While the Internet of Things (IoT) becomes increasingly popular and ubiquitous, IoT devices often remain unprotected and can be exploited to launch large-scale distributed denial-of-service (DDoS) attacks. One could attempt to employ traditional DDoS defense solutions, but these solutions are hardly suitable in IoT environments since they seldom consider the resource constraints of IoT devices.

We present FR-WARD, a system that defends against DDoS attacks launched from an IoT network. FR-WARD operates close to potential attack sources at the gateway of an IoT network and drops packets to throttle any DDoS traffic that attempts to leave the IoT network. However, in order to properly react to traffic too difficult to categorically label as good or bad, FR-WARD employs a novel response based on the fast retransmit and flow control mechanisms of the Transmission Control Protocol (TCP) which minimizes the energy consumption and network latency of benign IoT devices within the policed network.

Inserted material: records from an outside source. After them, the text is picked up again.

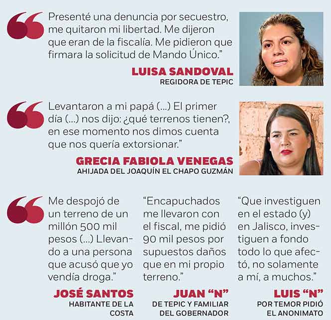 Campesinos, regidores, comerciantes, empresarios, choferes e incluso familiares del gobernador Roberto Sandoval Castañeda, forman parte de la lista de personas que son víctimas de un fiscal que se apoyó de autoridades de los tres niveles de gobierno para incrementar su fortuna a través del despojo de propiedades de familias enteras.
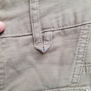 Tan color utility pants with large patch pockets and a double-button detail. Size 26, pre-owned in good used condition with minor signs of wear. Left belt loops show faint rubbing staining but not too noticeable when worn. Also one of the snap buttons ( waist) have come undone, it is still attached to the other part but undone from the fabric.
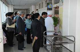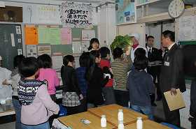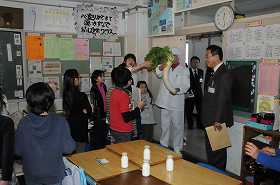 目黒区農業振興運営協議会より、給食食材として12月に大根が区内の小中学校へ無償提供されました。各学校では食育をはじめ地産地消や都市農地を理解する機会として提供された大根を活用しています。今回、その状況を視察するために、目黒区長、教育長、産業経済課長、JA世田谷目黒、目黒区農業振興運営協議会の皆様10名が、本校の給食を視察されるとともに子どもたちといっしょに給食を食べてくださいました。写真は、各教室を回り大根を子どもたちに紹介しているところです。
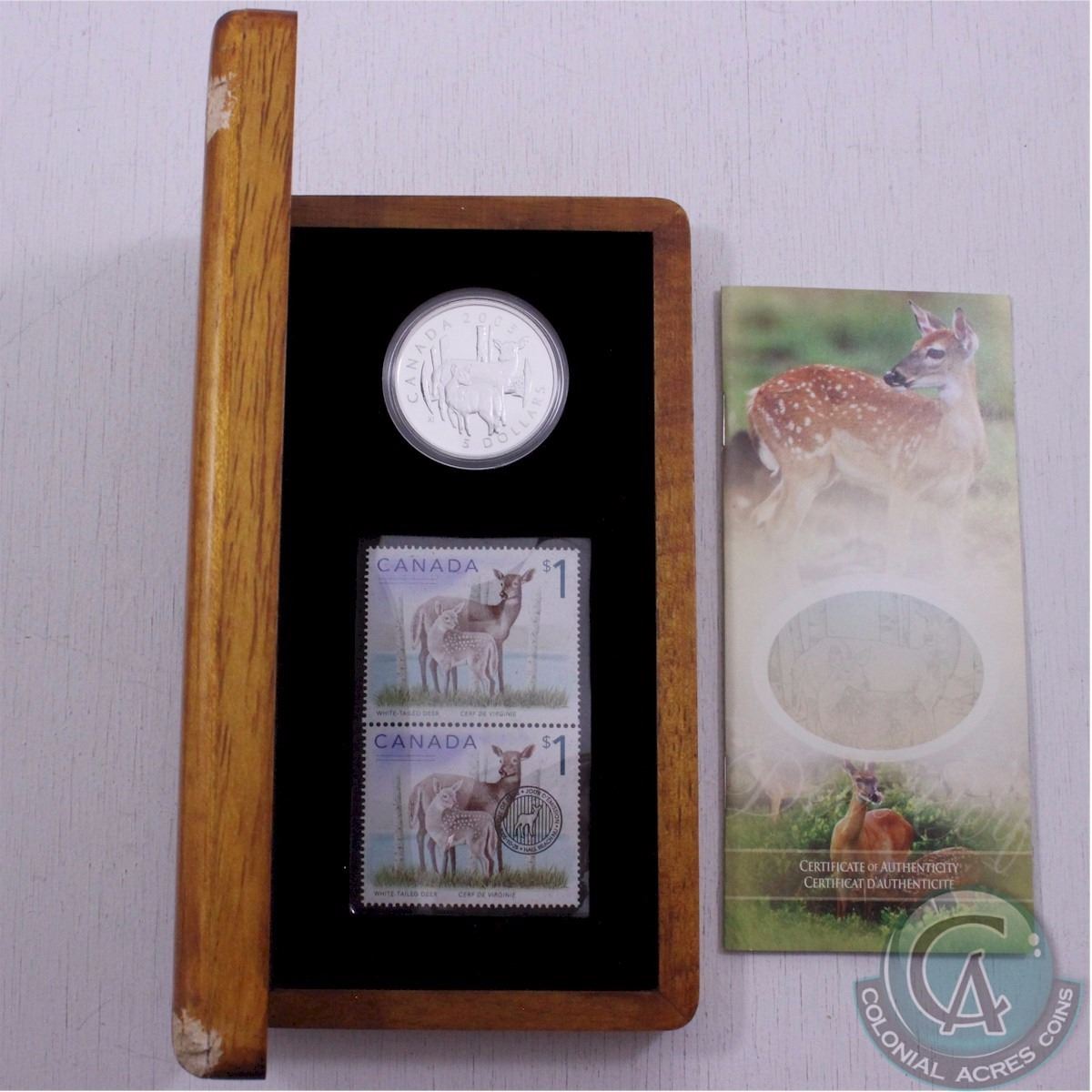 2005 Canada $5 Deer & Fawn Coin And Stamp Set. Coin comes encapsulated with stamps and COA in a wooden display case. Please note that the outer case is impaired. Please view image.

Based on our mathematical analysis, simulation, and experimental evaluation, FR-WARD not only effectively mitigates DDoS traffic, but also minimizes the number of retransmitted packets and the connection durations of benign IoT devices. In fact, FR-WARD can successfully mitigate both naive flood attacks and smarter DDoS attacks that follow TCP congestion control but still reduce overhead caused by retransmitted packets for benign IoT devices by a up to a factor of 150.